Bug #3354

kernel crash in rpcsec_gss after using gsscred

Added by Andreas Philipp about 6 years ago. Updated 4 months ago.

Status:ClosedStart date:2012-11-13
Priority:HighDue date:
Assignee:Andy Fiddaman% Done:

100%

Category:kernel
Target version:-
Difficulty:Medium Tags:

Description

Dear team,

we received a kernel panic, assuming that the following messages of /var/adm/messages are relevant:

Nov 13 15:36:13 wertach savecore: [ID 570001 auth.error] reboot after panic: BAD TRAP: type=e (#pf Page fault) rp=ffffff000da967c0 addr=10 occurred in module "rpcmod" due to a
NULL pointer dereference

Nov 13 15:36:13 wertach savecore: [ID 442558 auth.error] Panic crashdump pending on dump device but dumpadm -n in effect; run savecore(1M) manually to extract. Image UUID a373
c73c-a002-64ad-d3ac-c6b5ab0b625c.

The machine is a vmware NFS-server using krb5/ldap authentication. crash.0 is attached, whole dump can be made available. The crash appeared svereal times now.

Thanks for looking at it! It is our home-dir file server and we heavily rely on it, since it is working great so far!

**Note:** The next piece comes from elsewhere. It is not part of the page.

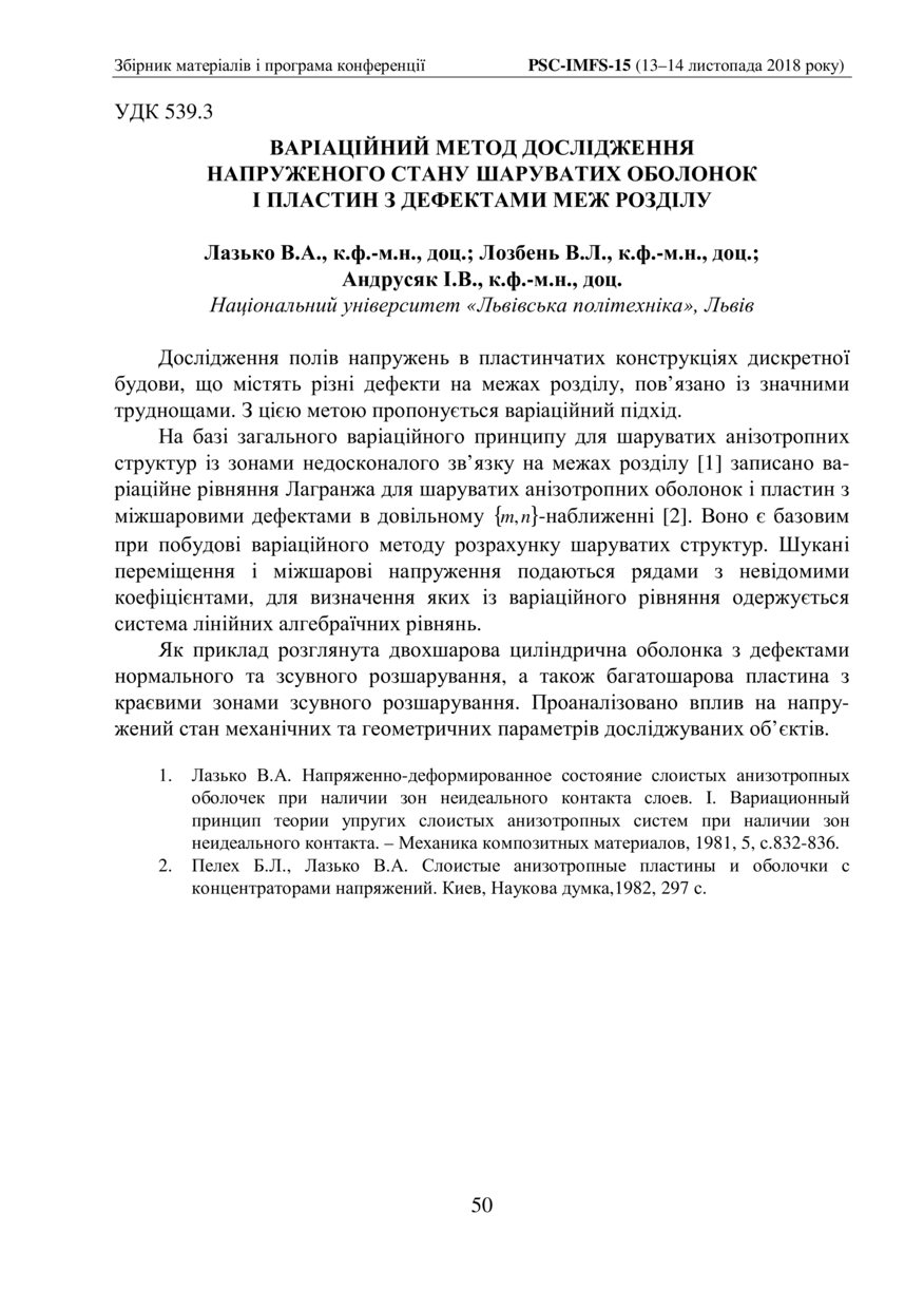 Лазько В. А. Варіаційний метод дослідження напруженого стану шаруватих оболонок і пластин з дефектами меж розділу / В. А. Лазько, В. Л. Лозбень, І. В. Андрусяк // 15-та Відкрита наукова конференція Інституту прикладної математики та фундаментальних наук (ІМФН) : збірник матеріалів і програма конференції, 13–14 листопада 2018 року, Львів. — Львів : Видавництво Львівської політехніки, 2018. — С. 50. — (Прикладна математика).

crash.0 (469 KB) Andreas Philipp, 2012-11-13 04:46 PM


Related issues

Duplicated by illumos gate - Bug #7342: kernel crash in rpcsec_gss after using gsscred Closed 2016-08-30
Duplicated by illumos gate - Bug #9563: Panic with kerberized NFS and GSS Closed 2018-05-29

History

#1 Updated by Andreas Philipp about 6 years ago

echo '::status' | mdb 0

debugging crash dump vmcore.0 (64-bit) from wertach
operating system: 5.11 oi_151a7 (i86pc)
image uuid: a373c73c-a002-64ad-d3ac-c6b5ab0b625c
panic message:
BAD TRAP: type=e (#pf Page fault) rp=ffffff000da967c0 addr=10 occurred in module
"rpcmod" due to a NULL pointer dereference
dump content: kernel pages only

#2 Updated by Rich Lowe about 6 years ago

It'd be good to see the stack trace
($C in mdb) also, and possibly to make the crash dump available somehow as well.

#3 Updated by Andreas Philipp about 6 years ago

Like this?

echo '$C' | mdb 0
ffffff000da968c0 rmm_wput+0x1a(ffffff02a1b92138, ffffff029a1269e0)
ffffff000da96930 put+0x1aa(ffffff02a1b92138, ffffff029a1269e0)
ffffff000da969a0 svc_cots_ksend+0x1de(ffffff02addd6400, ffffff000da969b0)
ffffff000da96a20 svc_sendreply+0x59(ffffff02addd6400, fffffffff81ac8c8,
ffffff000da96ab0)
ffffff000da96b40 do_gss_accept+0x3fd(ffffff02addd6400, ffffff02f207e0e0,
ffffff02a86f2378, ffffff03802c02f8, 1, 1)
ffffff000da96b70 svcrpcsec_gss_taskq_func+0x38(ffffff0342775680)
ffffff000da96c20 taskq_thread+0x285(ffffff0295e97378)
ffffff000da96c30 thread_start+8()

Is it possible to send a link to vdump.0 via personal message? And if yes, how?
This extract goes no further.